Problem details: Reproduce, exactly and in full, the lines from the one with "素敵なデザイン オレンジ KU-2062" through the one with "2限、1年4組、技術の授業で" in the data below; drop pictures.

Data for the task:
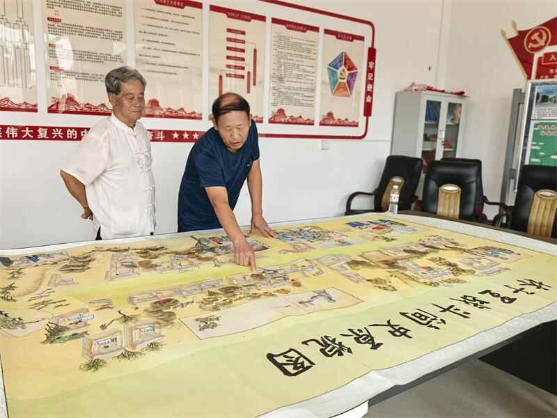 流淌在军民之间的深厚情谊,已融入村庄的血脉。李会明老人在儿子李景强的帮助下,把家里珍藏多年的一幅画抱来。这是长3米宽2米的农民画《林子里战斗简史原貌图》,生动还原了林子里村战斗的经过,清晰地标注着当年的村庄布局和风貌。
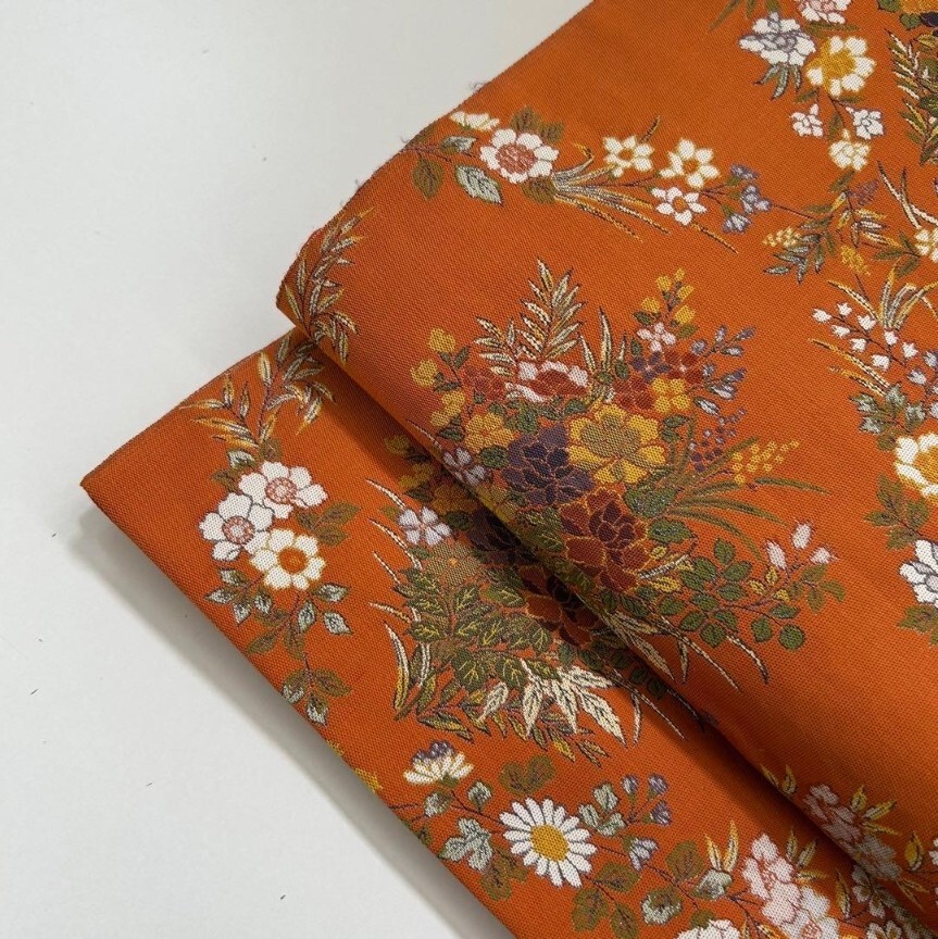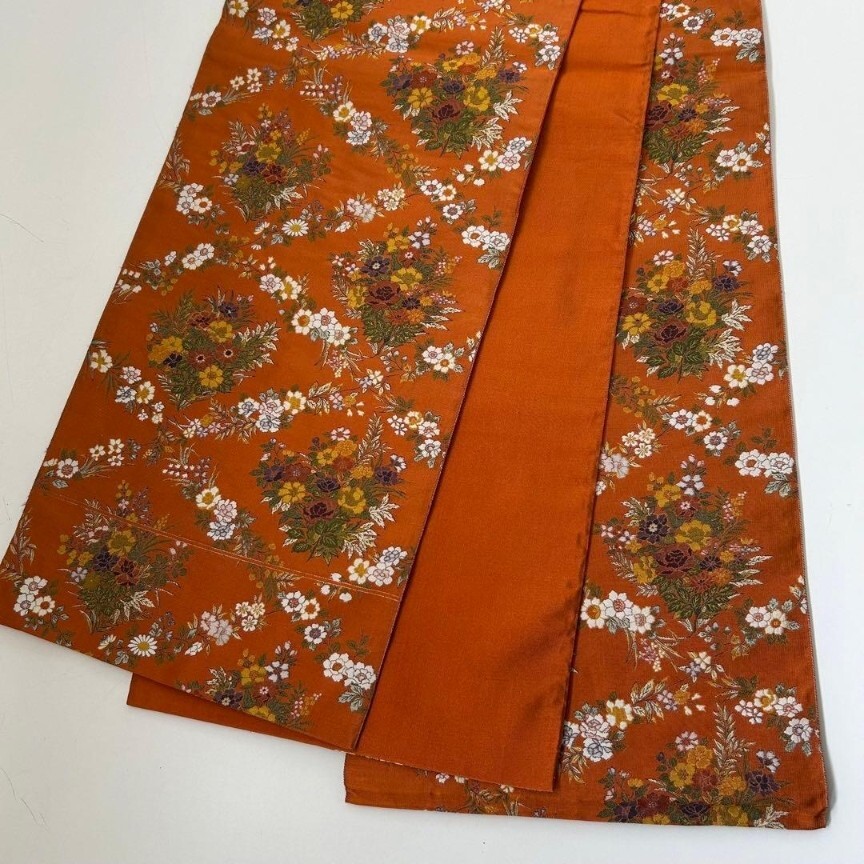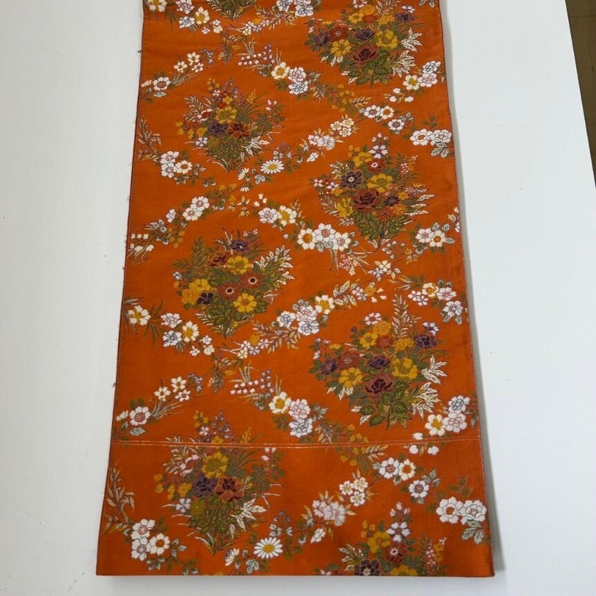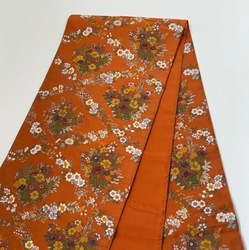 【楓】袋帯 正絹 西陣万葉 お華の菱模様 素敵なデザイン オレンジ KU-2062
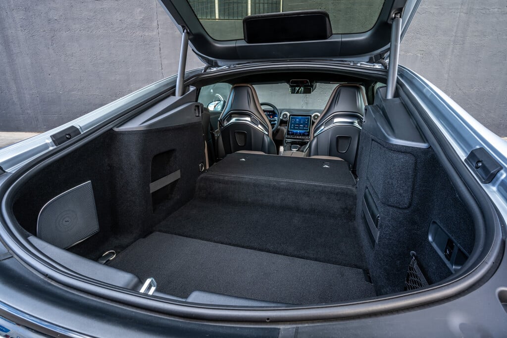 Das Auto folgt mühelos dem Dirigat des Fahrers, lädt den Könner dazu ein, in engen Kurven mit dem Gaspedal zu spielen. Das alles bleibt wunderbar leicht beherrschbar. Und natürlich kann man den GT auch ganz defensiv fahren, über lange Strecken und mit jedem Komfort, den ein Mercedes der oberen Kategorie heute bietet. Hinter Fahrer und Beifahrer ist Platz für Gepäck – oder für zwei Mitfahrer, die aber nicht größer als 150 Zentimeter sein sollten.
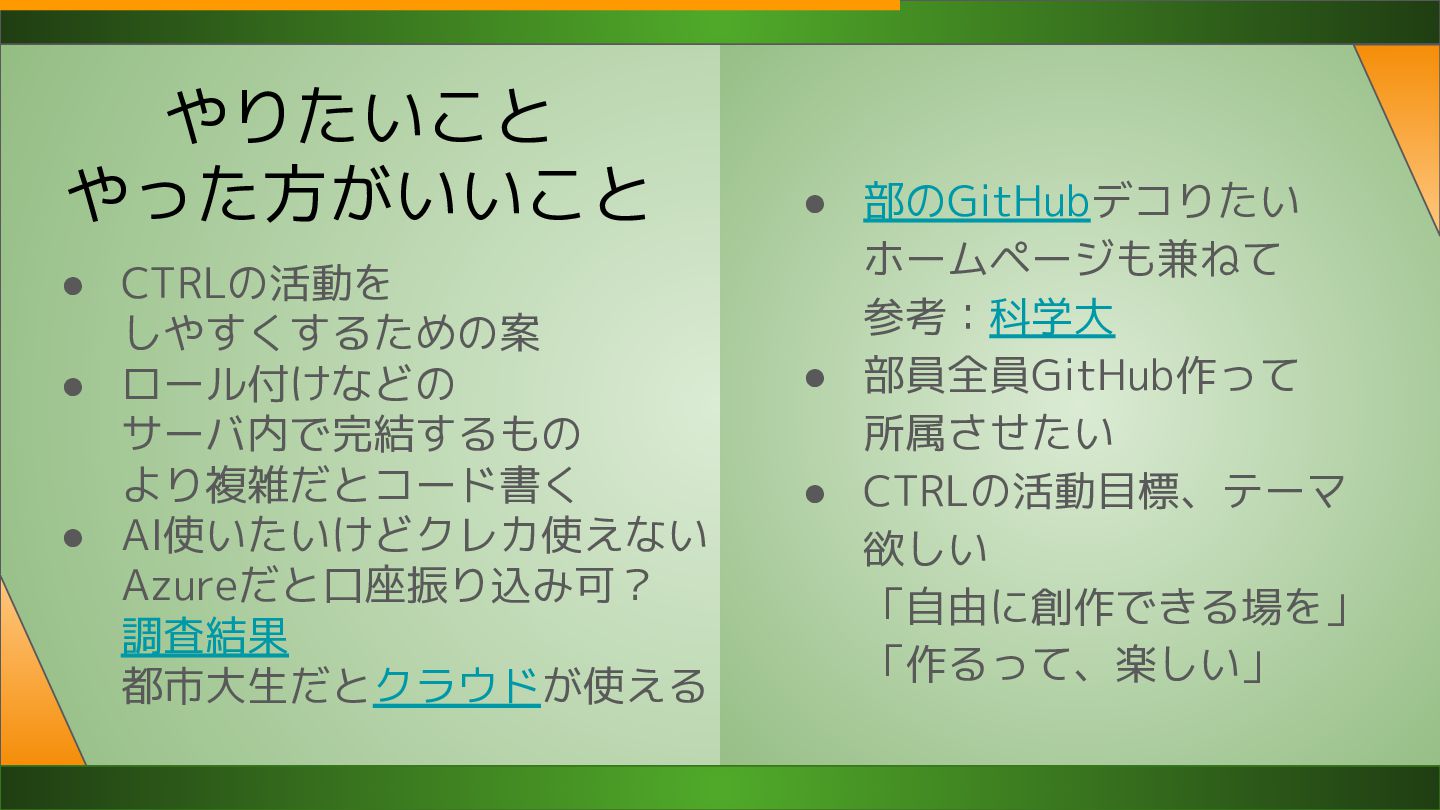 AI使いたいけどクレカ使えない Azureだと口座振り込み可? 調査結果 都市大生だとクラウドが使える • 部のGitHubデコりたい ホームページも兼ねて 参考:科学大 • 部員全員GitHub作って 所属させたい • CTRLの活動目標、テーマ 欲しい 「自由に創作できる場を」 「作るって、楽しい」
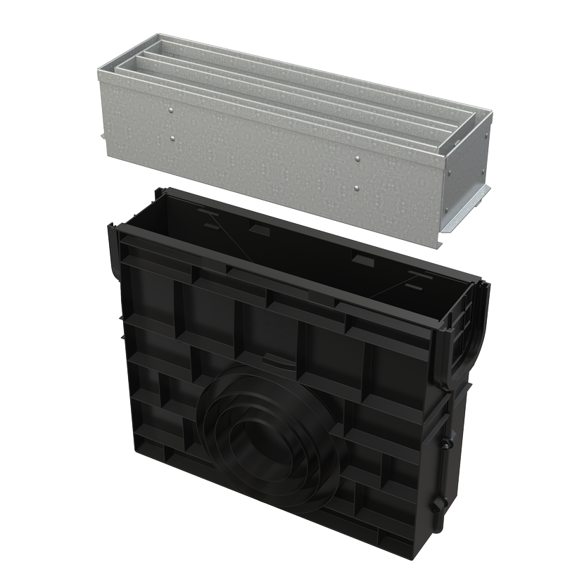 Venkovní žlabová vpust štěrbinová se symetrickým reviz. nástavcem 100 mm, pozinkovaná ocel
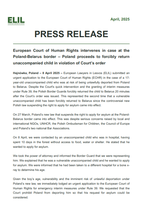 European Court of Human Rights intervenes in ELIL case at the Poland-Belarus border. Click here to read the full statement.
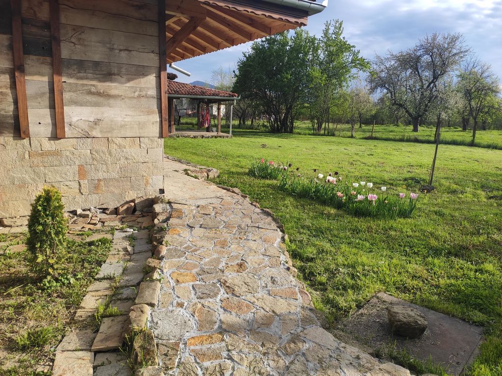 Към къщата има покрита тераса с маса за хранене и градинска чешма.
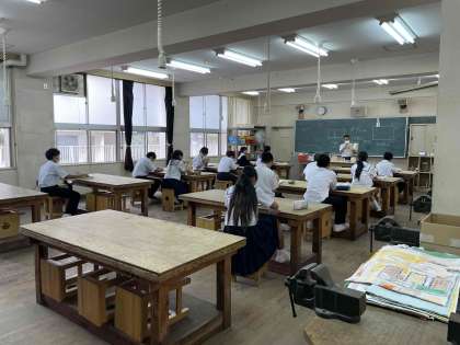 2限、1年4組、技術の授業です。本校では、技術科と家庭科、分割で少人数授業を展開しています。
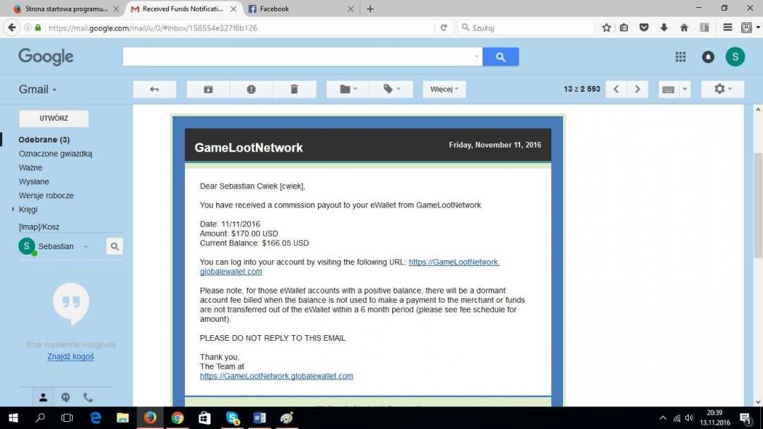 Witam wszystkich! Chciałbym Wam przedstawić tym razem naprawdę fajny temat z dziedziny MLM w który wszedłem 17 dni temu O PROGRAMIE GameLootNetwork network jest platformą gier na urządzenia mobilne (tablety, smartfony itp.) na której możemy zarobić i to nie małe pieniądze! Dla obniżenia poziomu stresu możemy sobie pograć w przeróżne gierki oraz uczestniczyć w turniejach z nagrodami które firma organizuje. Oficjalny start programu odbył się w dniach 14-16 października 2016 w Las Vegas Kto stoi za sterami firmy? Lance Baker od 20 lat jest związany z branżą IT i produkcją gier mobilnych. Jest przedsiębiorcą z wieloletnim doświadczeniem. Założył kilka firm w branży nowych technologii. Napisał między innymi książkę na temat gier mobilnych: link tutaj! KTO ZA TYM STOI W PL? Za promowanie tego biznesu w Polsce wzięła się mocna ekipa która robi również Caribbean Bridge, ich strukturach w CB ma $3.5M obrotu! Ruszyli z tym tematem 30/09/2016r., wzięli się za to bardzo poważnie, ich celem jest w jak najszybszym czasie wbicie wraz z ekipą BLACK CROWN Organizują codziennie webinary o godz. 21.00, możemy liczyć na wszelką pomoc z ich strony Temat jest mega świeży, więc można zająć bardzo dobrą pozycje zanim chłopacy uruchomią mechanizm pozyskiwania nowych osób, który będzie miał za zadanie łatanie dziur w strukturze, budują teraz solidne fundamenty, aby na ich podstawie móc się piąć wyżej. PLAN MARKETINGOWY DLA KOGO JEST TEN BIZNES? Ten biznes jest dla osób które potrafią polecić 3 osoby, to jest wymóg aby zacząć zarabiać w tym programie. Po zaproszeniu tych 3 osób otrzymujemy na starcie rangę RUBIN co daje nam $150 na nasz portfel oraz uprawnia nas do zarobków już $5 każdego dnia! Zaczynają już powoli lecieć spady z góry, które są liczone do naszego łącznego obrotu! (nie myl z własnymi poleconymi, bo 3 osoby musisz zaprosić sam, aby zacząć zarabiać na tym!) Ja jestem 17 dni w programie i bez specjalnego polecania gdziekolwiek w tym tygodniu awansuje j na 2 poziom i będę miał zarobki dzienne stałe na poziomie $20 praktycznie nic nie robiąc! Pomagam teraz tylko moim poleconym, aby w jak najszybszym czasie kwalifikowali się do bonusów! JAK MOGĘ DOŁĄCZYĆ? Napisz do mnie na Facebooku https://www.facebook.com/sebastian.cwiek.9 Czysty Link - http://gamelootnetwork.com/en/ Mój Link -https://cwiek.gamelootnetwork.com/join-/ Z czystego linku nie da się zarejestrować Jest szansa znalezienia się nisko w strukturach, więc może warto ją wykorzystać - decyzja należy do Ciebie MOJE WYPŁATY Z GAME LOOT NETWORK

Result of the task:
 【楓】袋帯 正絹 西陣万葉 お華の菱模様 素敵なデザイン オレンジ KU-2062
 Das Auto folgt mühelos dem Dirigat des Fahrers, lädt den Könner dazu ein, in engen Kurven mit dem Gaspedal zu spielen. Das alles bleibt wunderbar leicht beherrschbar. Und natürlich kann man den GT auch ganz defensiv fahren, über lange Strecken und mit jedem Komfort, den ein Mercedes der oberen Kategorie heute bietet. Hinter Fahrer und Beifahrer ist Platz für Gepäck – oder für zwei Mitfahrer, die aber nicht größer als 150 Zentimeter sein sollten.
 AI使いたいけどクレカ使えない Azureだと口座振り込み可? 調査結果 都市大生だとクラウドが使える • 部のGitHubデコりたい ホームページも兼ねて 参考:科学大 • 部員全員GitHub作って 所属させたい • CTRLの活動目標、テーマ 欲しい 「自由に創作できる場を」 「作るって、楽しい」
 Venkovní žlabová vpust štěrbinová se symetrickým reviz. nástavcem 100 mm, pozinkovaná ocel
 European Court of Human Rights intervenes in ELIL case at the Poland-Belarus border. Click here to read the full statement.
 Към къщата има покрита тераса с маса за хранене и градинска чешма.
 2限、1年4組、技術の授業です。本校では、技術科と家庭科、分割で少人数授業を展開しています。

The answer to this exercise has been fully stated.